Others are concerned Section 201 use could open the door to price regulation, despite Schlick’s assurances the FCC would not regulate rates. Section 201 “talks a lot about prices, practices [and] classifications,” said Link Hoewing, Verizon Internet and technology assistant vice president, at a Progress & Freedom Foundation forum Friday. “Now I don’t know how the FCC is going to implement that, but that clearly looks like there’s talk there about price regulation."

Satellite broadband executives were not immediately sure how the agency’s reclassification strategy would affect their services. They said they'll watch the proceeding closely. Potential regulation of pricing was raised as one concern by an executive who then said the company was still digesting the issue. Satellite’s concrete bandwidth limitations make network management a necessity and most customers sign agreements limiting bandwidth use when they sign up.

Bringing broadband under Section 208 could open ISPs to expensive legal challenges, lawyers said. The section allows “any person, any body politic or municipal organization, or State commission,” to file a complaint at the FCC for any alleged Communications Act violation. Left open was the question of whether broadband service would be subject to Section 207, which sets up a process by carriers that can be sued in federal court, a communications lawyer said. “That would obviously be a huge concern, considering the litigiousness of the communications plaintiffs bar,” the lawyer said. “Where a number of Supreme Court cases over the last several years have foreclosed antitrust damages suits against telecommunication providers, the application of Section 207 to Internet service providers just exposes them to a whole new level of potential litigation."

Consumer privacy protections under Section 222 could also burden providers, the lawyer said. “Just think back to the VoIP industry prior to the imposition of CPNI regulations, and you can see that resulted in very significant requirements, compliance obligations and numerous enforcement actions,” the lawyer said.

Another source of uncertainty is section 254, which covers universal service. If broadband is reclassified under Title II, ISPs could immediately be required to contribute to the Universal Service Fund, Dow Lohnes attorney J.G. Harrington wrote clients. “In fact, one issue the FCC may have to confront if it adopts the reclassification proposal is ensuring that it does not subject Internet access to existing rules that are not adapted to the service,” he wrote. “Absent a ruling that modified the amount of the payment, this requirement could add as much as $5 or $6 to the typical bill for broadband access.” But ISPs could benefit from Section 254 as recipients of USF funds, lawyers said.

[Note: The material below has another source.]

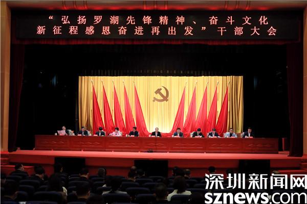 讀特客戶端·深圳新聞網(wǎng)2021年11月14日訊(記者 李慧 通訊員 許舜鈿)11月12日下午,羅湖區(qū)召開(kāi)“弘揚(yáng)羅湖先鋒精神、奮斗文化新征程感恩奮進(jìn)再出發(fā)”干部大會(huì)暨2021年羅湖區(qū)處級(jí)干部任職培訓(xùn)班動(dòng)員大會(huì)。羅湖區(qū)委書記劉勝,區(qū)委副書記、區(qū)長(zhǎng)范德繁,區(qū)人大常委會(huì)主任周益川等區(qū)四套班子領(lǐng)導(dǎo)出席會(huì)議。各單位副處級(jí)以上領(lǐng)導(dǎo)職務(wù)干部,駐區(qū)有關(guān)單位主要負(fù)責(zé)干部,區(qū)2021年處級(jí)干部培訓(xùn)班學(xué)員以及區(qū)屬企業(yè)主要負(fù)責(zé)人參加會(huì)議。

That the six sections referenced by Schlick are open to interpretation worries Lariat.net owner Brett Glass, he said. “So much depends on interpretation. You have these six sections of a big law, and they don’t exist in isolation” because there are many other Title II sections the chairman doesn’t seek to apply to broadband transport, Glass said. “So it’s hard to tell how they could be applied when they are divorced from the remaining sections.” A common-carrier requirement to sell broadband to anyone in a service area also worries Glass, whose company has about 1,000 subscriptions in the Laramie, Wyo., area. “It doesn’t make sense for a small ISP who doesn’t have a fixed government service territory. My territory expands” and changes over time, he said. “The clauses that involve a duty to supply service don’t make sense in that context.” In a post Friday to the FCC’s broadband blog, Glass called Genachowski’s third way a “third rail.”